News of the developments has shaken faculty members and students alike, with a group of students starting a “study-in” protest at an administration building Monday. Kelley Rouchka, a graduate student in history, said she helped organize the students because the proposed cuts and changes contradict the university’s mission. “We have been reaching out through e-mail and Facebook and our goal is to reach out to more students and hand them fliers, asking them to contact lawmakers and university officials,” said Rouchka. She said about 200 students had responded through Facebook and that the protests will continue through Friday.

John Deisz, an associate  professor in the physics department, said he was stunned by the news that his department might be targeted for cuts. He said the physics department had hired a new faculty member just six months ago and secured about $160,000 in new equipment funding. “That is not consistent with the department being eliminated six months later,” he said.

It is not clear how students who are already in the physics program or any of the other disciplines that may be cut will be affected, though Arthur, the associate provost, mentioned that officials were working on a plan to let students complete their courses of study. “They have been claiming all students will be able to finish. We don’t know what the reality will be. We are not at a stage where we know,” Deisz said.

The American Physical Society, an organization representing physicists, sent a letter to UNI's president and provost last week, expressing its concern about the impending cuts.

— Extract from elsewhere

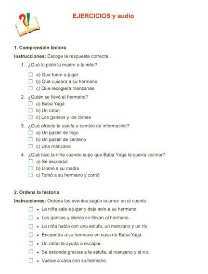 Русские народные сказки для изучающих испанский язык. Учебные материалы. Уровень А2-В1 (Гуси-Лебеди, Маша и медведь, Каша из топора)(кн.на испан.яз.)
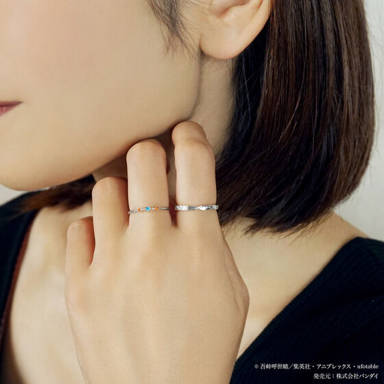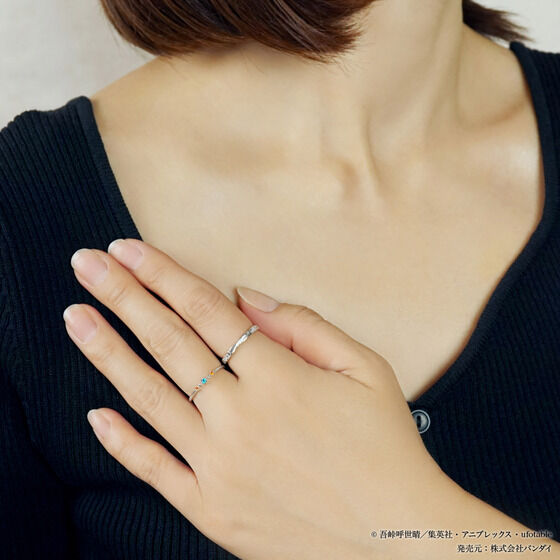 石付きのリングはセンターに義勇をイメージしたブルーのストーンをセッティングし、

The tensions at the university over the last month, Deisz said, are starting to affect prospective students who were planning to enroll at the university. Darian Everding, a senior at Waterloo West High School, in Iowa, said she was extremely concerned about the developments. “It is very unsettling that one of the programs that I am interested in could be eliminated,” said Everding, who wants to major in physics and mathematics. “I could consider going to another school but it would not be ideal. It would likely put me in debt,” she said.